Behind green eyes
by csfcsf
Summary: Because there are little things only Sherlock himself can explain (and he won't). All one-scenes, varying lengths. Written from Sherlock's personal POV. So far, more analytic than action-based. More categories may be added.
1. Chapter 1

_**.**_

I look up, over my computer screen. There's John, hesitant at the centre of the living room, tense shoulder muscles. The soldier pose. Stern washed out features, determined unfocused gaze, something is bothering him. I doubt he's seeing 221B at the moment, his mind seems to belong somewhere else at the moment. As I see clearly his physical presence by the coffee table, the pale morning sunlight bathing his blond greying hair, the skull artwork on the wall just over his shoulder reminding me of the load metaphorically carried by those shoulders. The left one is practically stiff from the effort to brake the tremors that still spontaneously create in his left hand. He's learnt to control them by now, and he thinks I can't tell when he's focusing hard to make them stop, internalising one of his biggest tells.

Something is up. The tremor has been absent these past few weeks.

He's about to make himself a cup of tea – coping mechanism #1. He'll probably make me a cup as well. He doesn't ask me if I want one anymore. He just makes two, sometimes even a toast (a single one, he rarely has one this early in the morning) to induce me to eat more when I'm on a case.

He's worrying about me and I'm worrying about him. _How quaint._ _Sentiment._

_I can never let him know I go in for Sentiment every once in a while now._

Specially after the Fall.

And the Absence.

John has finally accepted his fate and he moves silently towards the kitchen to prepare the two cups of tea.
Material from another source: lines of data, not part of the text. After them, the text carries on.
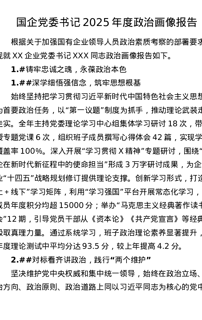 国企党委书记2025年度政治画像报告
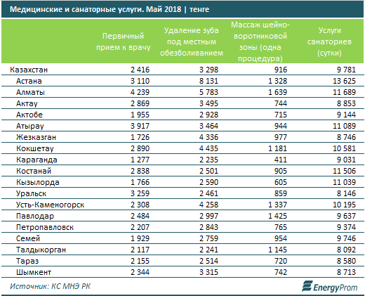 По итогам мая стоимость первичного приема у врача составляла 2,4 тысячи тенге, на 8,4 процента дороже, чем годом ранее. На 7,6 процента выросли в цене услуги стоматологов (удаление зуба) - до 3,3 тысячи тенге.
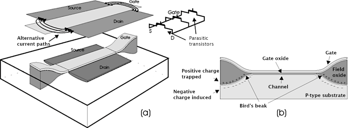 The two regions, referred to as the bird’s beak (figure 2.9 (b)), located at the sides of the gate region between the polysilicon and the substrate, are particularly effective in creating alternative current paths between the source and drain. However, inversion can even occur directly beneath the field oxide at high levels of irradiation.
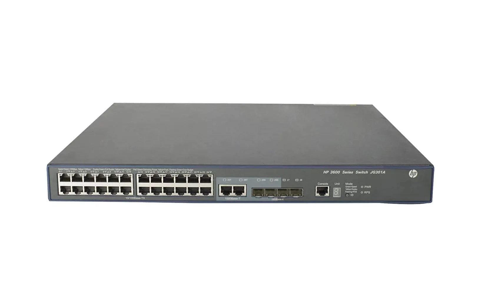 HP JG301-61401 FlexNetwork 3600 EI Series 3600-24-PoE+ 24 x Ports PoE+ 100Base-TX + 2 x GBE Ports + 4 x Ports SFP (mini GBIC) Layer 3 Managed Gigabit Ethernet Network Switch
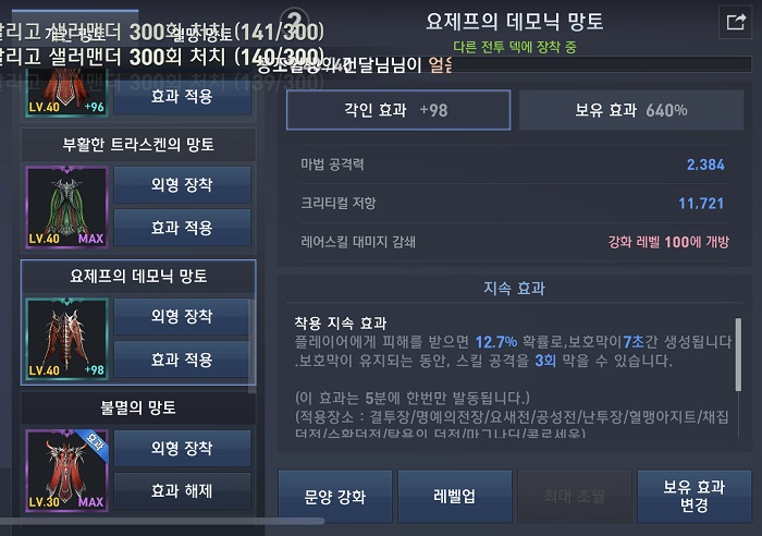 저같은 경우는 영웅 망토와 요제프 망토를 스왑하면서 사용하고 있습니다. 벨트의 경우에는 미사일 볼트와 썬더볼트 벨트를 주고 사용합니다. 미사일 볼트 벨트는 일반 스킬 초기화 효과 덕분에 활용하고 있으며 썬더볼트 벨트는 스톰 스크리머에게는 최적화된 벨트라고 생각합니다.

I follow his movements by the corner of my eye, I don't want to pressure him just yet.

Mary insisted that John should come around to Baker Street once in a while. Old times' sake, she tells him. _Sentiment, John finds it logical._ She knows better than to tell me that. She tells me nothing, I take what I can get of the fuller 221B I miss, of the old days. _No, scratch that, delete, I miss nothing, sentiment is abhorrent._

_Sentiment is seeping through my pores as I see John. He's not happy. I can't reach him._

John takes hold of another sigh, imprisoning it deep inside. He just stirs the tea to dissolve the sugar – my mug then. _Three left handed concentric circles, gradually smaller, clockwise, as usual._ He clicks the spoon down, grabs the sugared coffee to bring it over.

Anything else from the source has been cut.